Question: Provide synchronization using fine-grained locking. Your solution should be more efficient than the previous solution. Specifically, it should allow the bathroom to achieve full utilization: it should be possible for all K stalls to be in use at the same time. You will need to change both the global mutex—there will be more than one global mutex—and the code for user().

Bathroom 2: Stall indifference

The setting is the same, except that now users have no predetermined preferred stall:

void user() {
    int preferred_stall = random() % K;
    poop_into(preferred_stall);
}

It should be pretty easy to adapt your synchronization solution to this setting, by locking the preferred stall once it’s determined by random choice. But that can leave stalls unused: a user will wait indefinitely if they pick an occupied stall randomly, no matter how many other stalls are available.

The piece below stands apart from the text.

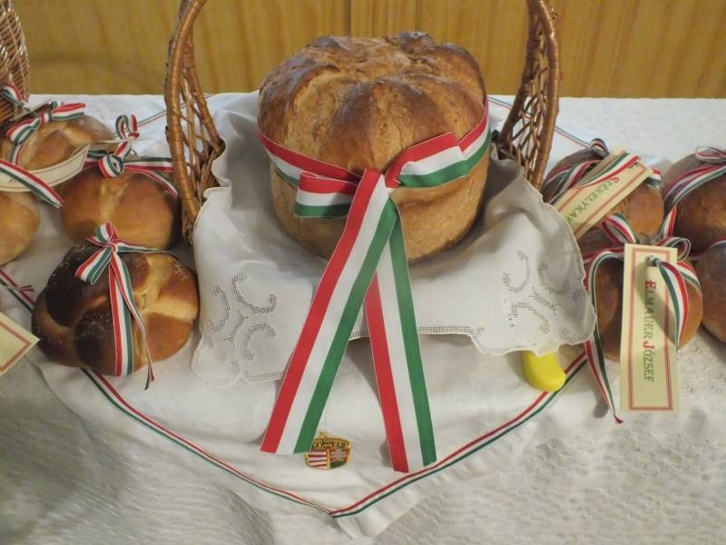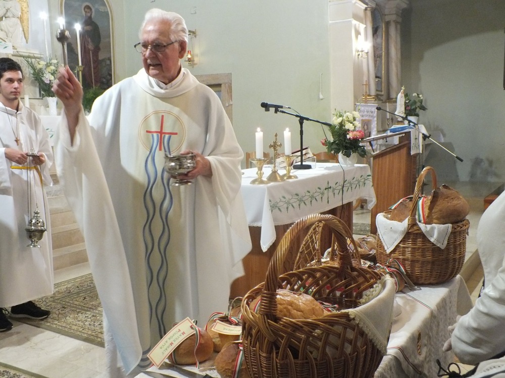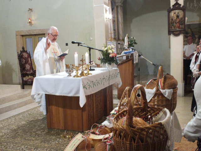A szentmise befejező szakaszában az új kenyér megáldását követőeSchellné Simcsik Orsolya polgármester szegte meg a kenyeret, majd a székely társulat és a német kórus tagjai osztották szét a hívek között a megszentelt, felszeletelt kenyeret. Jelképesen, mint Bibliában: „azután vette az öt kenyeret és a két halat, feltekintett az égre, megáldotta és megtörte a kenyereket, és a tanítványoknak adta, a tanítványok pedig a sokaságnak.” (Mt 14,13-21)

Question: Design a solution that solves this problem: each user chooses any available stall, or waits if none are available. Use a single mutex and a single condition variable. You’ll also need some subsidiary data.

std::mutex bmutex;
std::condition_variable cv;
bool stall_full[K];
int noccupied;

void user() {
    std::unique_lock<std::mutex> lock(bmutex);
    while (noccupied == K) {
        cv.wait(lock);
    }
    ++noccupied;
    int stall = 0;
    while (stall_full[stall]) {
        ++stall;
    }
    stall_full[stall] = true;
    lock.unlock();

    poop_into(stall);

    lock.lock();
    --noccupied;
    stall_full[stall] = false;
    cv.notify_all();
    lock.unlock();
}

Question: Another solution is possible that uses K mutexes and no condition variables, and the std::mutex::try_lock() function. Design that solution.

std::mutex stall[K];
void user() {
    for (int i = 0; true; i = (i + 1) % K) {
        if (stall[i].try_lock()) {
            poop_into(i);
            stall[i].unlock();
            return;
        }
    }
}

Bathroom 3: Pooping philosophers

To facilitate the communal philosophical life, Plato decreed that philosophy should be performed in a bathroom with K thrones and K curtains, arranged like so:

Each philosopher sits on a throne with two curtains, one on each side. The philosophers normally argue with one another. But sometimes a philosopher’s got to poop, and to poop one needs privacy. A pooping philosopher must first draw the curtains on either side; philosopher X will need curtains X and (X+1) mod K. For instance, here, philosophers 0 and 2 can poop simultaneously, but philosopher 4 cannot poop until philosopher 0 is done (because philosopher 4 needs curtain 0), and philosopher 1 cannot poop until philosophers 0 and 2 are both done:

Philosophers’ bathroom with curtains drawn

Question: In high-level terms, what is the mutual exclusion problem here—that is, what resources are subject to mutual exclusion?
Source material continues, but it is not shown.